81. An apparatus for determining in viva moisture content of skin of a mammal, the apparatus comprising:
means for producing light at first and second wavelengths, affixed to a housing so as to direct the light toward a shin site of the mammal when the housing is mounted to the mammal;
light detecting means, affixed to the housing so as to detect light produced by the light producing means at the first and second wavelengths and reflected from the skin of the mammal;
means for determining the moisture content based on the light of the first and second wavelengths detected by the light detecting means.

82. The apparatus of claim 81 wherein said light producing means comprises a first laser diode which emits light at said first wavelength and a second laser diode which emits light at said second wavelength.

83. The apparatus of claim 81 or 82, wherein said first and second wavelengths of light are in the infrared range.

84. The apparatus of claim 83, wherein said first and second wavelengths of light are in the near infrared range.

85. The apparatus of claim 84 wherein a first said wavelength of light is in the range of 750 to 1500 n.m and the second said wavelength of light is in the range of 1500 to 3000 nm.

86. The apparatus of claim 84 or 85 wherein the two wavelengths of light differ from each other by at least 300 nm.

87. The apparatus of any of claims 84 to 86 wherein the first wavelength is at least 1100 nm.

88. The apparatus of any of claims 84 to 87 wherein the first wavelength is between about 1100 and 1600 nm, more preferably between about 1200 and 1600 nm, more preferably between about 1200 and 1550 nm, more preferably between about 1300 and 1550 nm, more preferably between about 1300 and 1500 nm, more preferably between about 1400 and 1500 nm.

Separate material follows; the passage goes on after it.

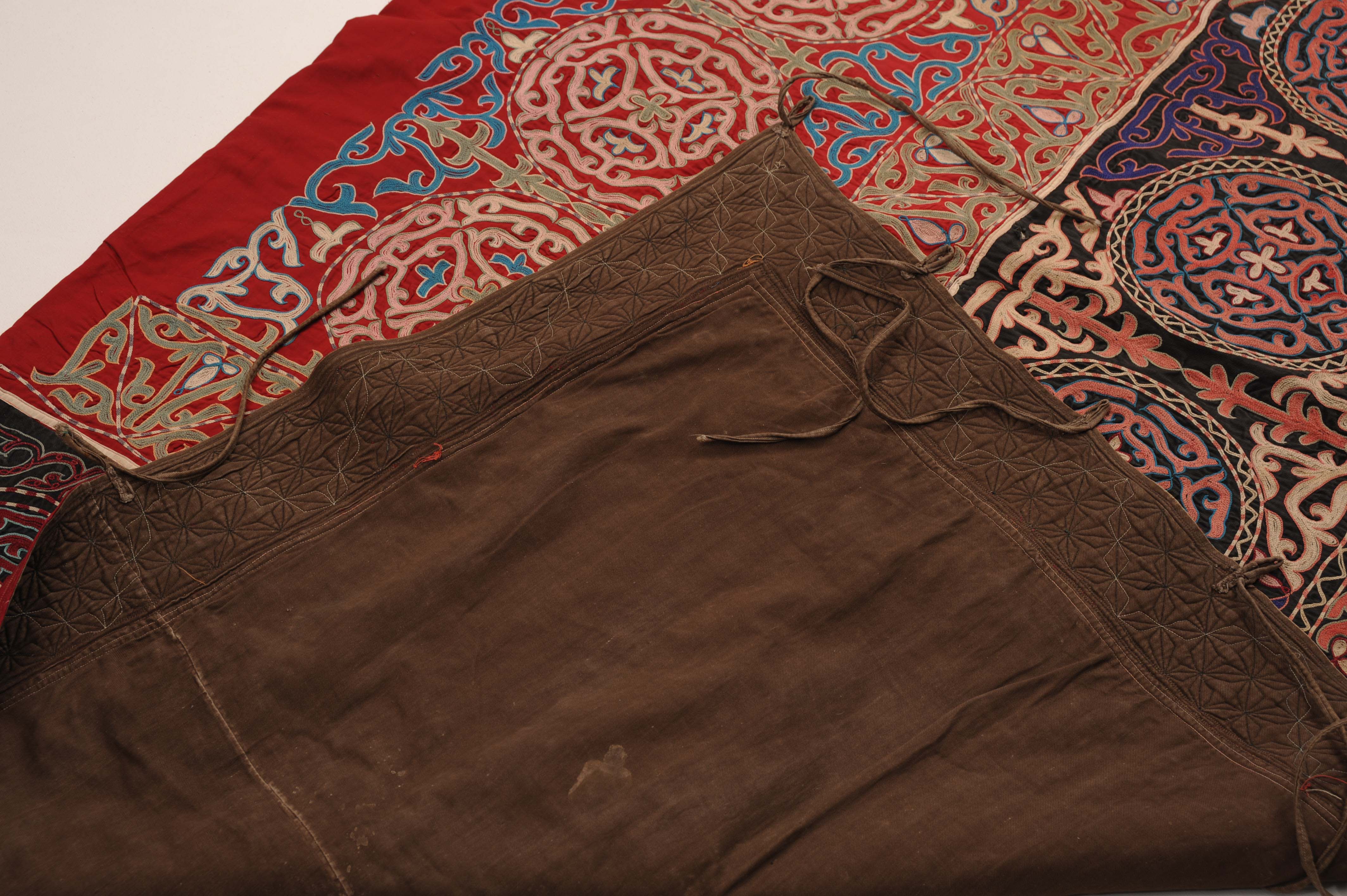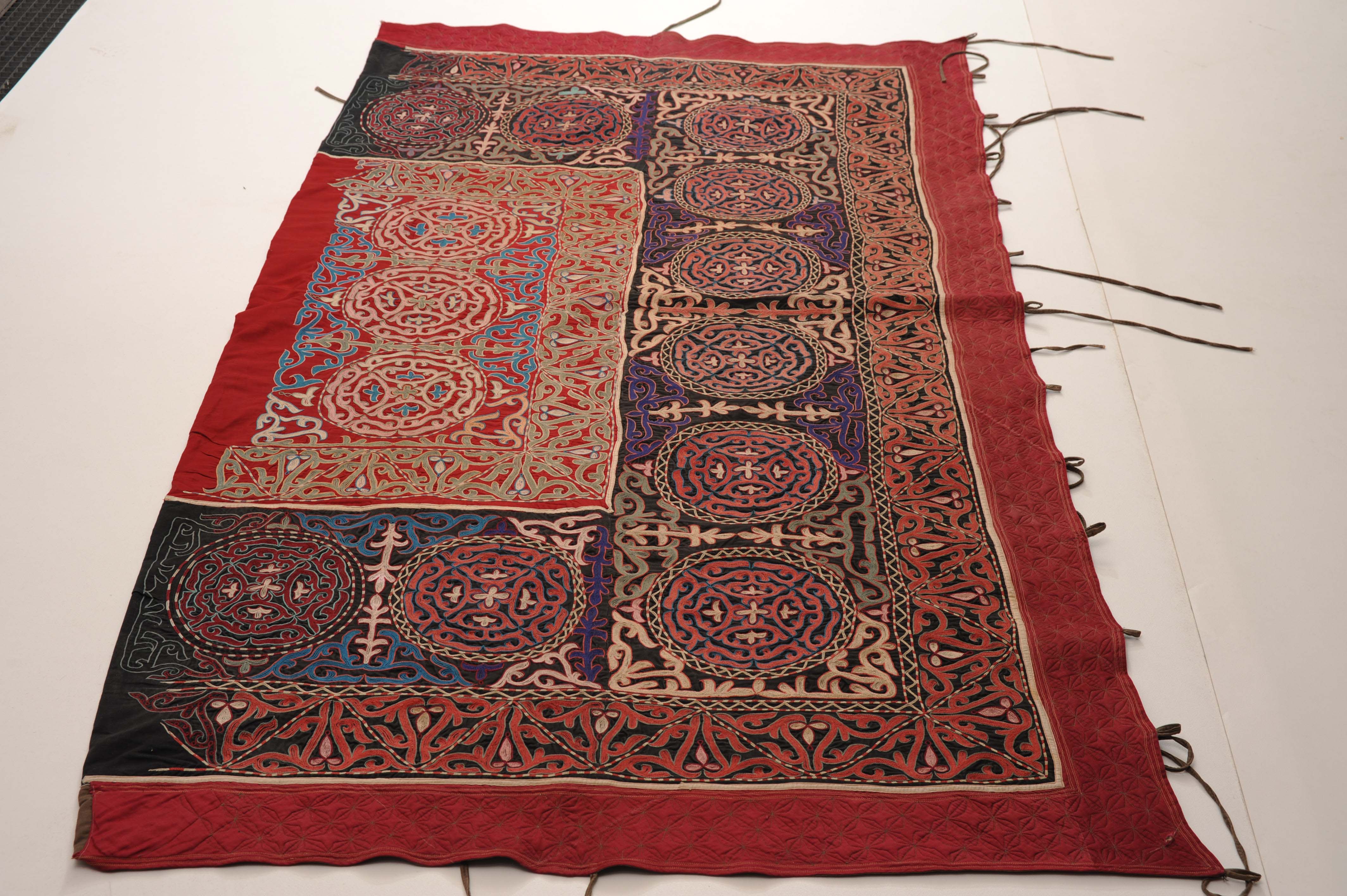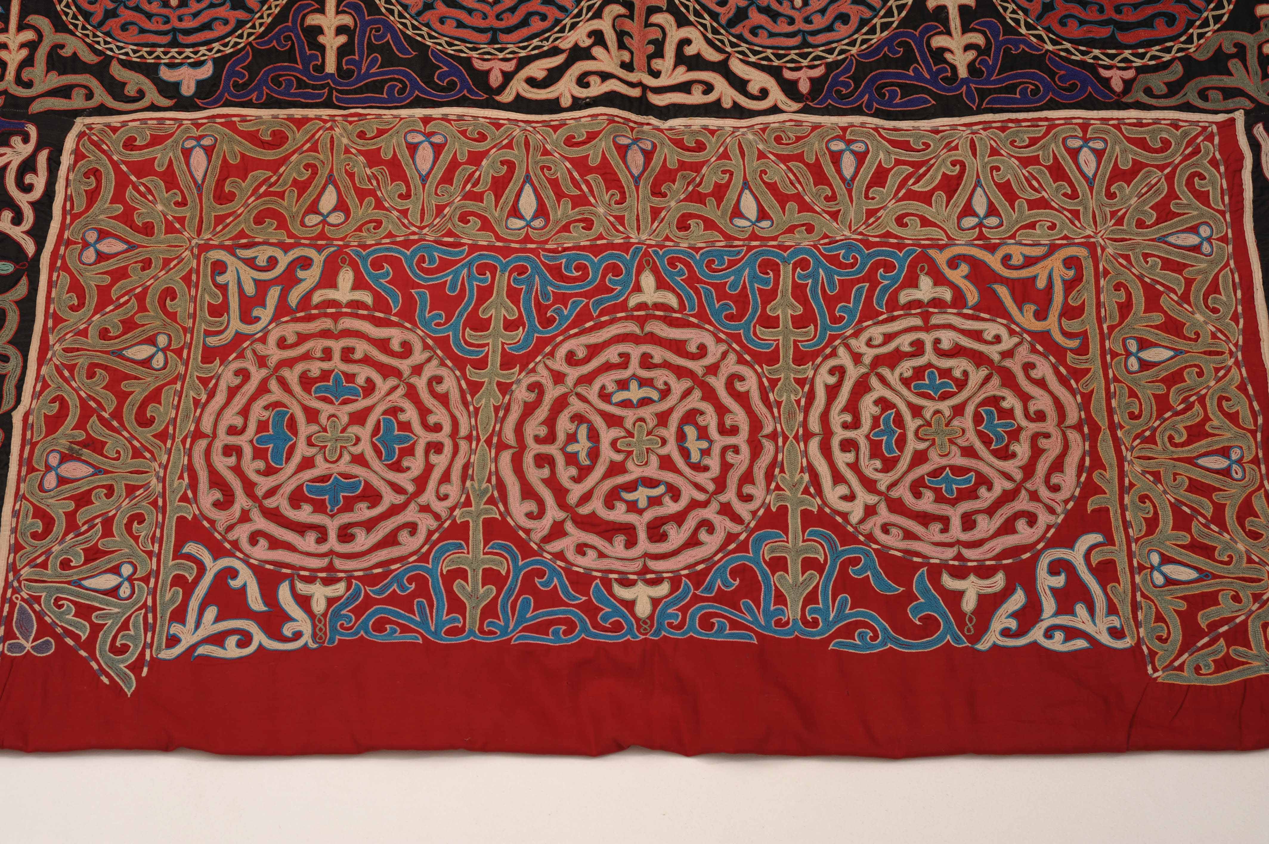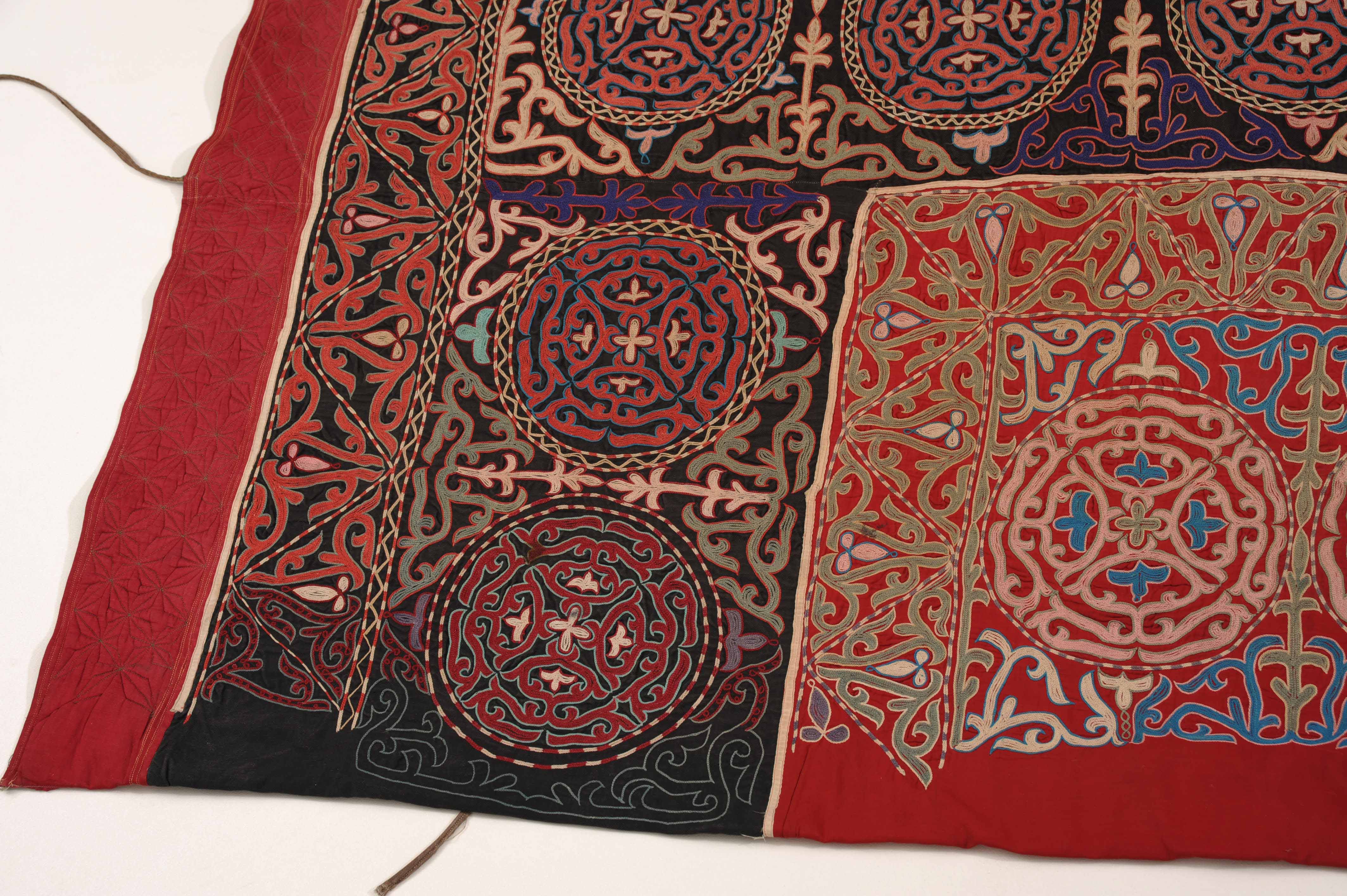 Usbekistan, um 1900. Wandbehang, der hinter einem Stuhl befestigt wird. Feine Nadelarbeit. Auf rotem Grund figurieren in Reihen angelegte Rundmedaillons, die engmaschig von girlandenartig angelegten Borten flankiert werden. Das gesamte Feld wird von einer Blattranken-Bordüre umrahmt. Gute Erhaltung. 120x225 cm (ft. 4x7.4).

89. The apparatus of any of claims 84 to 88 wherein the second wavelength is between about 1600 and 3000 nm, more preferably between about 1600 and 2900 nm, more preferably between about 1600 and 2800 nm, more preferably between about 1600 and 2700 nm, more preferably between about 1650 and 2600 nm, more preferably between about 1650 and 2500 nm, more preferably between about 1650 and 2400 nm, more preferably between about 1650 and 2500 nm, more preferably between about 1700 and 2400 nm, more preferably between about 1700 and 2300 nm, more preferably between about 1750 and 2250 nm, more preferably between about 1800 and 2200 nm, more preferably between about 1800 and 2150, more preferably between about 1850 and 2100 nm, more preferably between about 1850 and 2050 nm, more preferably between about 1900 and 2050 nm, more preferably between about 1900 and 200 nm.

90. The apparatus of any of claims 81 to 89 wherein said means for determining the moisture content is provided by a pre-programmed computer chip.

91. The apparatus of any of claims 81 to 90, further comprising a shroud adapted to substantially preclude extraneous light from reaching said light detecting means when said housing is mounted to the mammal.

92. The apparatus of any of claims 81 to 91, wherein the housing is adapted for mounting to the forearm of a human.